COLLECTED DATA ::
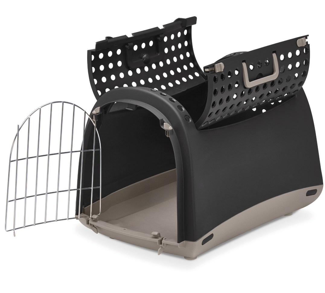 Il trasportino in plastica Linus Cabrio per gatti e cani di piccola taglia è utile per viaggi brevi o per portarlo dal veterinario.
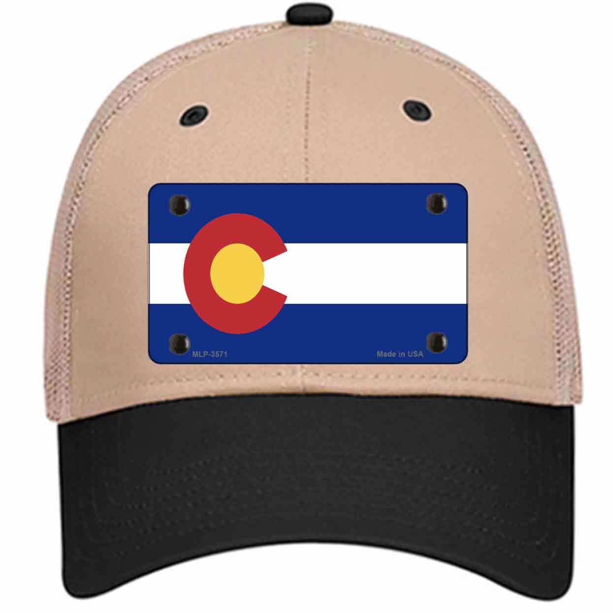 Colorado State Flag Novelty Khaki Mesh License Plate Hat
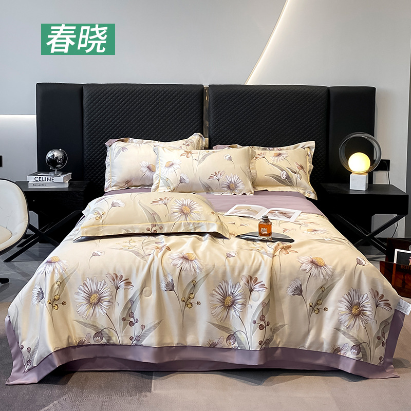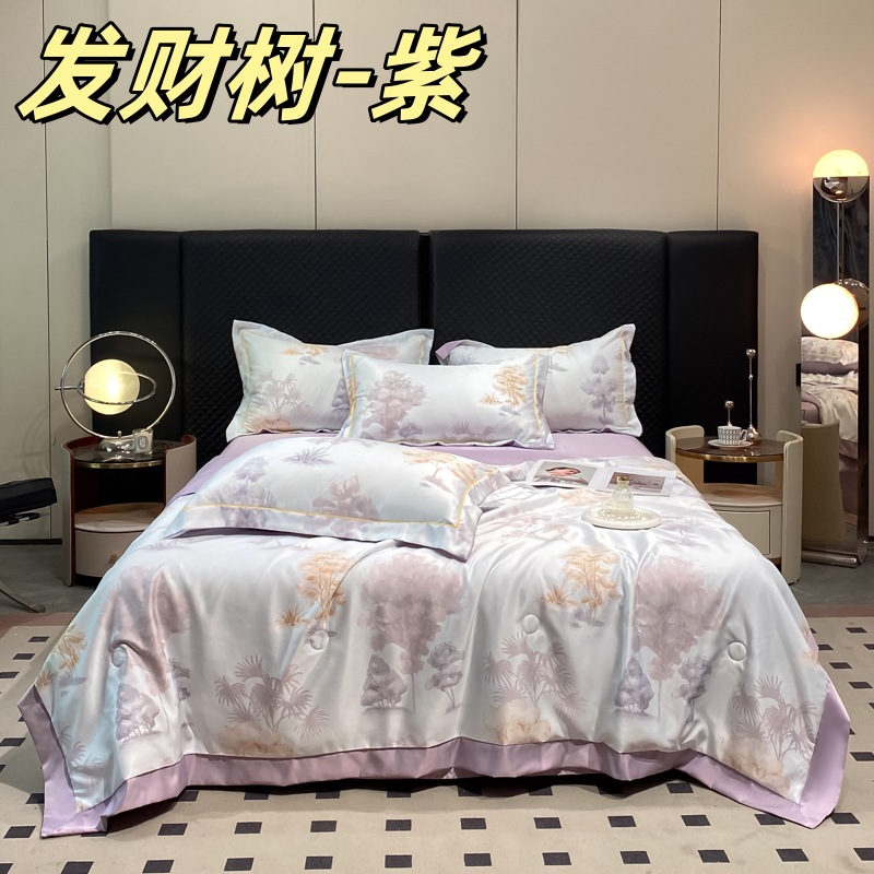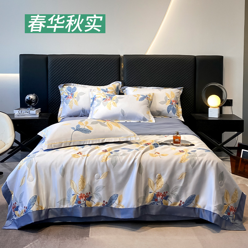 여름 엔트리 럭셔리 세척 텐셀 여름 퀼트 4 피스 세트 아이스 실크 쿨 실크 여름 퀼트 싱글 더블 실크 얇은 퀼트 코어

TASK GOAL :: Leaving the pictures aside, copy exactly and only the lines from the one holding "Colorado State Flag" through the final line of the data, both ends kept.

SOLUTION FOR THIS PROBLEM ::
 Colorado State Flag Novelty Khaki Mesh License Plate Hat
 여름 엔트리 럭셔리 세척 텐셀 여름 퀼트 4 피스 세트 아이스 실크 쿨 실크 여름 퀼트 싱글 더블 실크 얇은 퀼트 코어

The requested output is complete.